Advent Software is losing its leading position in portfolio management systems in large part because of its strategy of milking an old, cash cow product just as a growing number of competitors pump out web-based solutions that more readily integrate with complementary applications, make conversions and upgrades easier and often cost less, according to a report by a small investment company owned by a former hedge fund analyst.

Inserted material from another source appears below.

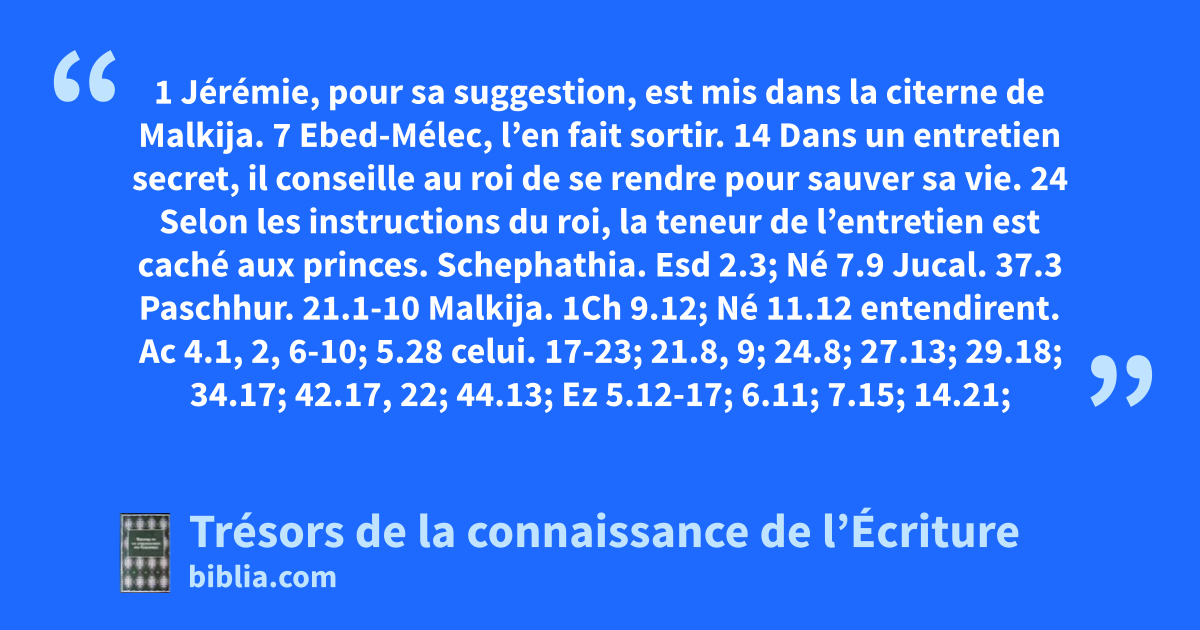 1 Jérémie, pour sa suggestion, est mis dans la citerne de Malkija. 7 Ebed-Mélec, l’en fait sortir. 14 Dans un entretien secret, il conseille au roi de se rendre pour sauver sa vie. 24 Selon les instructions du roi, la teneur de l’entretien est caché aux princes.

The report by JHeck Investments LLC of New York says Advent is keeping thousands of its old customers on desktop software, Axys, developed more than a decade ago rather than give them incentives to migrate over to its new product, Advent Portfolio Exchange or APX. The report is garnering serious attention from industry analysts,
Advent has continued to upgrade Axys over the years and some customers still acquire it. It is built on a flat file system. Advent’s main competitors, including Orion, Black Diamond, Schwab Performance technologies and Morningstar use a structured [often SQL] server – as does Advent’s new product Advent Portfolio Exchange or APX. Advent Software is moving ahead in the RIA tech market— even if most Axys users refuse to budge
“Axys is dying off and APX is competing out there but not terribly well,” says report author Jonathan Heck. To read the report, click here
Advent Software’s CEO, Peter Hess — suggesting that the doom and gloom is misplaced — had this to say in response to the report’s allegation:
“As we announced in our third quarter earnings call and our most recent 10-Q, Advent’s business is very healthy – our key business metrics are up across the board. In the third quarter, we had record revenues, strong bookings and operating cash flow and improving renewal rates. Demand has been strong for our entire suite of software and services and we continue to add new customers around the globe.”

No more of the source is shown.